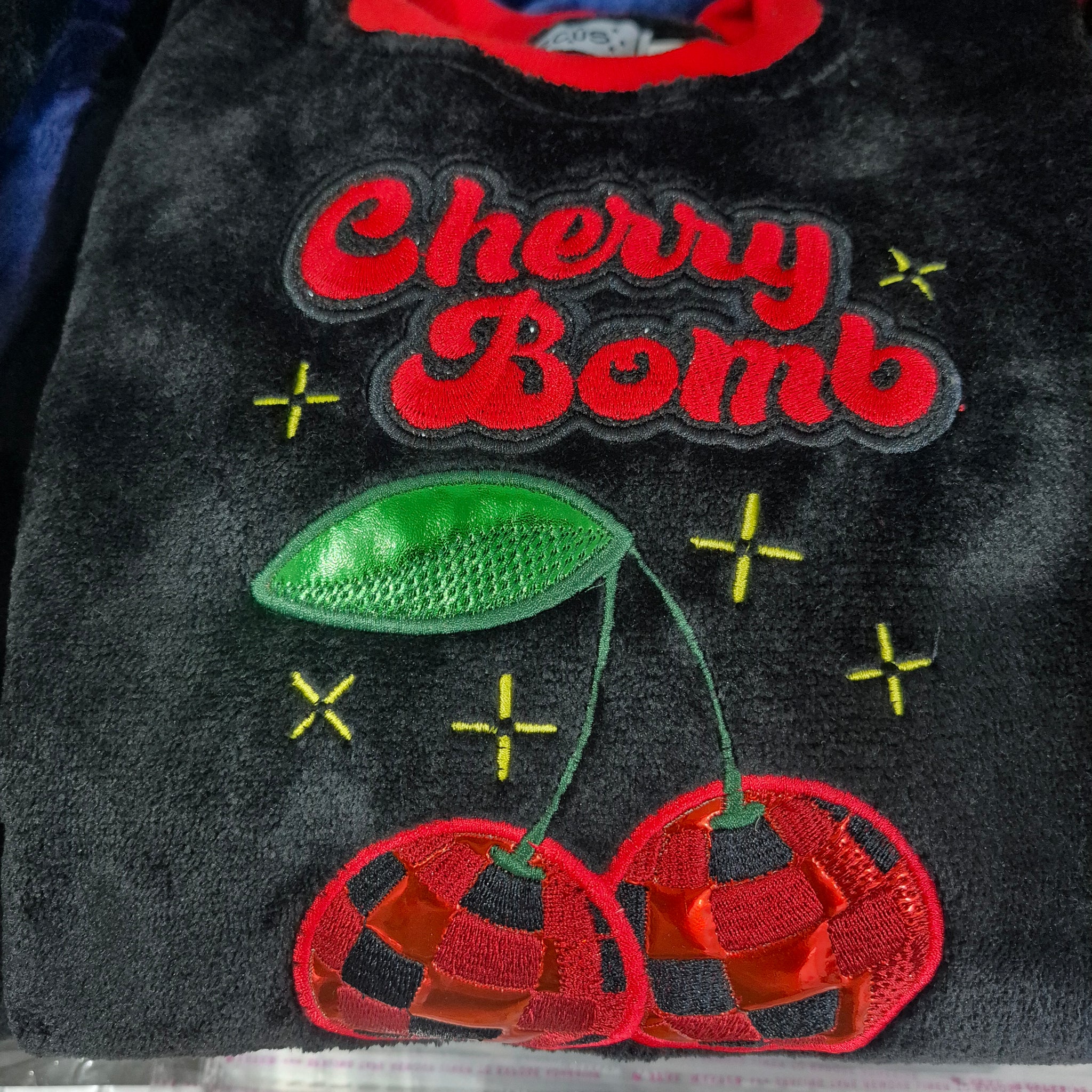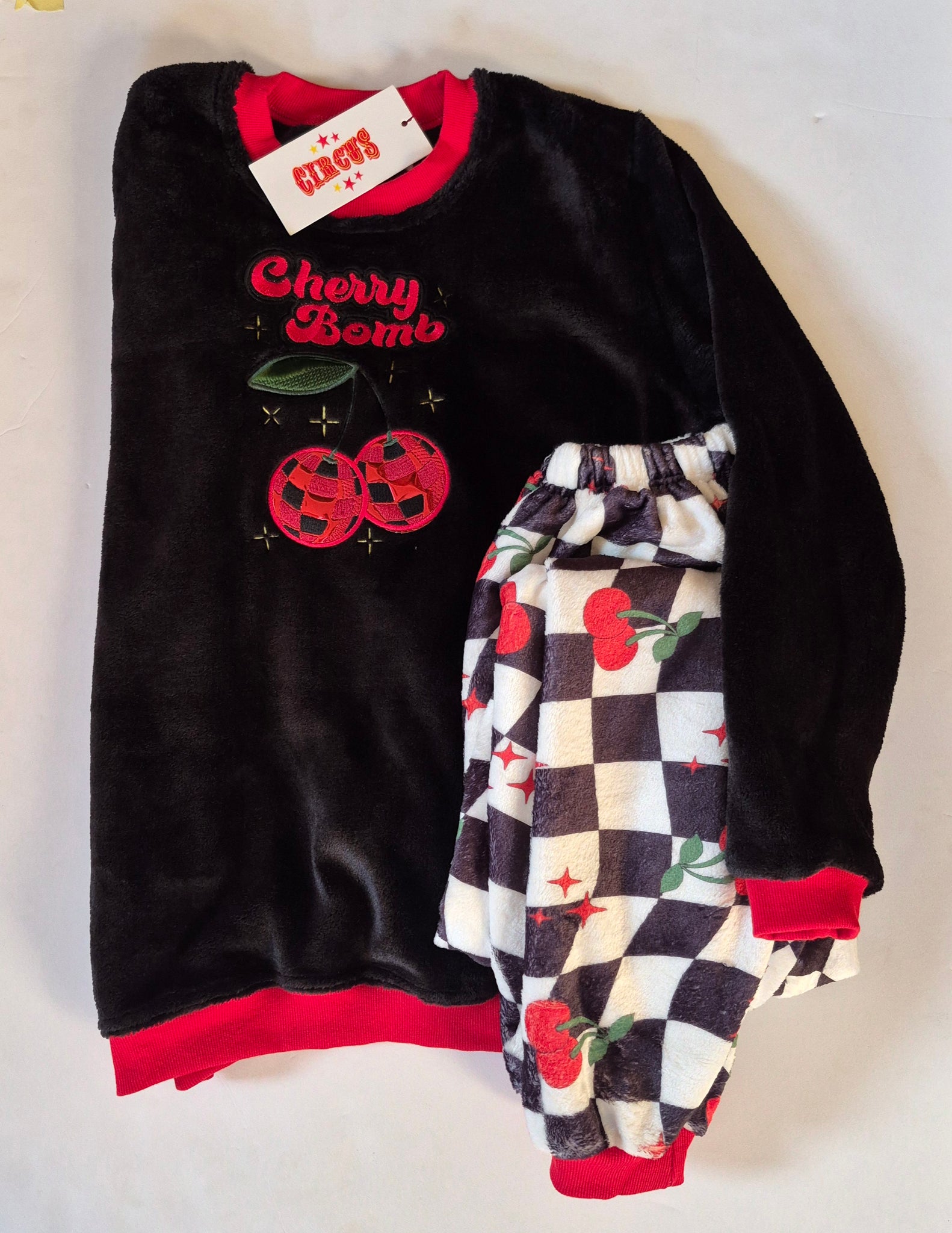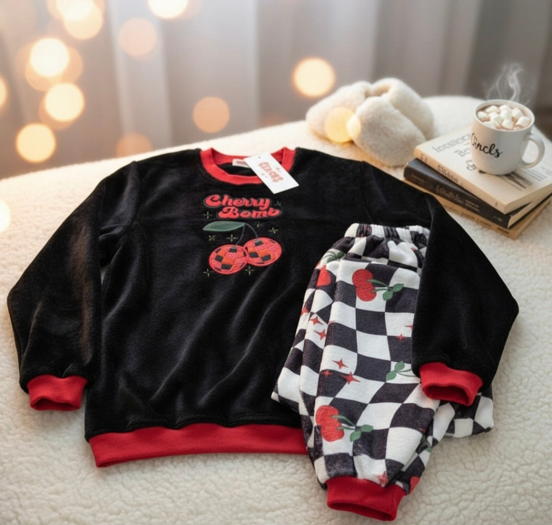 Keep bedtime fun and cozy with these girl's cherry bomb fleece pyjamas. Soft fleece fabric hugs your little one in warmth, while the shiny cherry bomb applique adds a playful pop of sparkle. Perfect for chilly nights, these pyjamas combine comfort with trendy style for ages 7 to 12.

...

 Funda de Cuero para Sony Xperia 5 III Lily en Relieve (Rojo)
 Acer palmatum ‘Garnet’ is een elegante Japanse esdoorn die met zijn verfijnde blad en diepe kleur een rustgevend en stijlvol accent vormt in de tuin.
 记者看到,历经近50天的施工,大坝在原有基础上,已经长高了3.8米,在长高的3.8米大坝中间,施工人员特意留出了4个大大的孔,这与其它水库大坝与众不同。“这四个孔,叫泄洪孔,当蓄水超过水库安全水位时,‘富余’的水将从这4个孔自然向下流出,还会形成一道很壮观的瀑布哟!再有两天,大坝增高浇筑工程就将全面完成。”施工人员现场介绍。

==

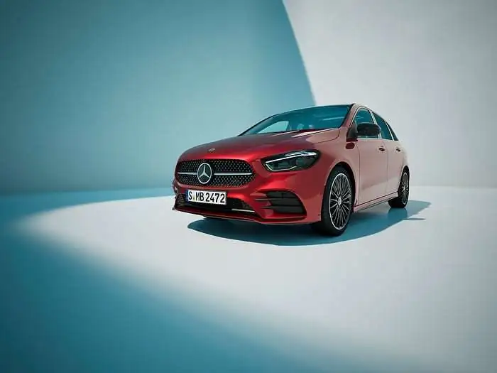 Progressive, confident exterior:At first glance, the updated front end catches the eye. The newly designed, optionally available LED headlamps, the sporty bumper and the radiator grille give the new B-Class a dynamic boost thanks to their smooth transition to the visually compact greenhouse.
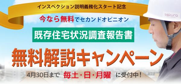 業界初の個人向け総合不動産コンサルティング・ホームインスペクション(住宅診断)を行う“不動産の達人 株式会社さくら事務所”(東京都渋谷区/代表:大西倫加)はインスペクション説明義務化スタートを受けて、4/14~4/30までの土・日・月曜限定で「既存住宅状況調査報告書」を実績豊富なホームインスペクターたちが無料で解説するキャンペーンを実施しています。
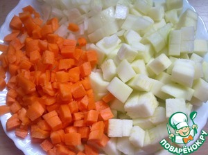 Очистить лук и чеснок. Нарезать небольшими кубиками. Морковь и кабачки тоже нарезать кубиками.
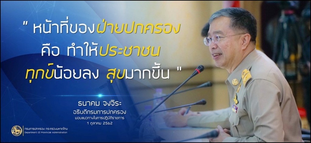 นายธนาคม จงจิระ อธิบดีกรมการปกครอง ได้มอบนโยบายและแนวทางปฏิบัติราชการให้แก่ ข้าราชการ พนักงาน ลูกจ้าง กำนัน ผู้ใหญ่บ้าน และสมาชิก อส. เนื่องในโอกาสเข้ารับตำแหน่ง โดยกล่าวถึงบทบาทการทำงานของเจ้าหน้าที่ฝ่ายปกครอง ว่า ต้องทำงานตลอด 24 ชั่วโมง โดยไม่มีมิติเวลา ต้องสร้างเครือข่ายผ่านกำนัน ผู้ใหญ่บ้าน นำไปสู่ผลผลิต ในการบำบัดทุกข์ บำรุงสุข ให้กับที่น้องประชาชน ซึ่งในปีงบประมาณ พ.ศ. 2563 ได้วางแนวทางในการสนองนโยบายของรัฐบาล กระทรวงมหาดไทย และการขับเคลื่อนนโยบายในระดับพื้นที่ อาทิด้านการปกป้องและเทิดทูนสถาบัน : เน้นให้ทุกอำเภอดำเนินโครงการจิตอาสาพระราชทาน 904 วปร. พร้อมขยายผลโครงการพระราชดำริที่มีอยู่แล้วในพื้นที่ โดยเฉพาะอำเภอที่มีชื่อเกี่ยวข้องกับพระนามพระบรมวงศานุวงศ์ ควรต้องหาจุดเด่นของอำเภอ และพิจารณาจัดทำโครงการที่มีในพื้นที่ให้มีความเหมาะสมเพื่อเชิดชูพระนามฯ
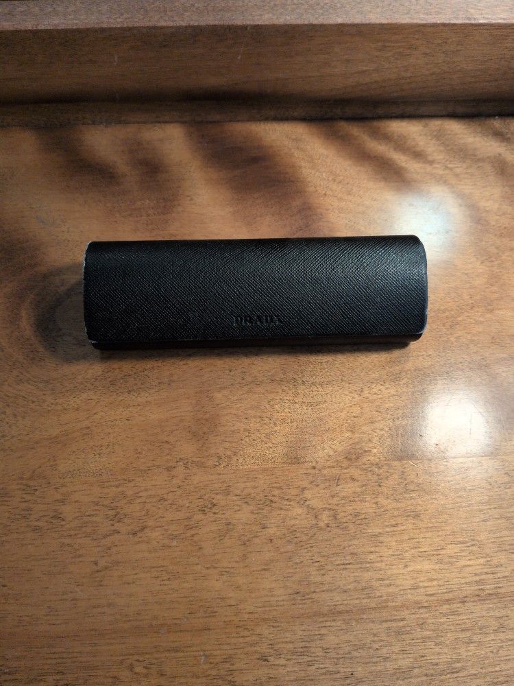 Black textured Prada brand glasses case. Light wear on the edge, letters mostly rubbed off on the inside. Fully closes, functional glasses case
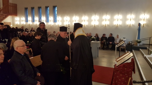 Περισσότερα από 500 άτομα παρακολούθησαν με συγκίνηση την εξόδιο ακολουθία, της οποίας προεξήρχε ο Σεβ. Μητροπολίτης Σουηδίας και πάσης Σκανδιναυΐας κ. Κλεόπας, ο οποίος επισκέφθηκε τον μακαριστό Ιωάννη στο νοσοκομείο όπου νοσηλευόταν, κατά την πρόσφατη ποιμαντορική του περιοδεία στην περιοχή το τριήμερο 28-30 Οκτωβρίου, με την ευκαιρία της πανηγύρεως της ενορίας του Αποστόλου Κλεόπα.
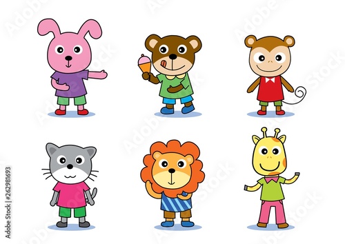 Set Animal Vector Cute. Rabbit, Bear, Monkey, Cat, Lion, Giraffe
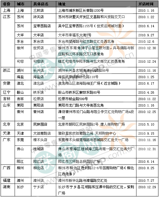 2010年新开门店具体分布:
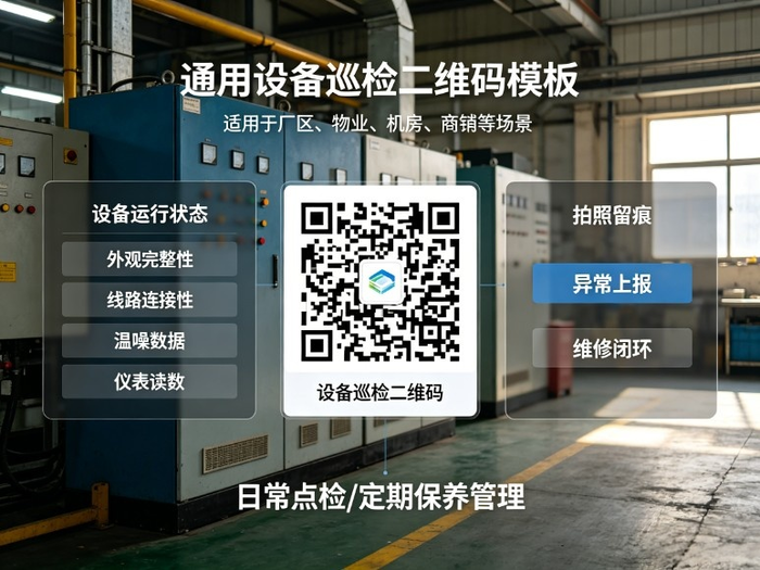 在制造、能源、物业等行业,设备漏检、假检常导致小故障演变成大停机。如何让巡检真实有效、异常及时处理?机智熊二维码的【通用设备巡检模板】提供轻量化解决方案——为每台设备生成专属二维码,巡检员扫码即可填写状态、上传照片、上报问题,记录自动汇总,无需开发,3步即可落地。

== What you should do ==
Transcribe only the lines above that start at the line containing "Progressive, confident exterior:At" and end at the line containing "業界初の個人向け総合不動産コ". Omit pictures.

== Answer to this task ==
 Progressive, confident exterior:At first glance, the updated front end catches the eye. The newly designed, optionally available LED headlamps, the sporty bumper and the radiator grille give the new B-Class a dynamic boost thanks to their smooth transition to the visually compact greenhouse.
 業界初の個人向け総合不動産コンサルティング・ホームインスペクション(住宅診断)を行う“不動産の達人 株式会社さくら事務所”(東京都渋谷区/代表:大西倫加)はインスペクション説明義務化スタートを受けて、4/14~4/30までの土・日・月曜限定で「既存住宅状況調査報告書」を実績豊富なホームインスペクターたちが無料で解説するキャンペーンを実施しています。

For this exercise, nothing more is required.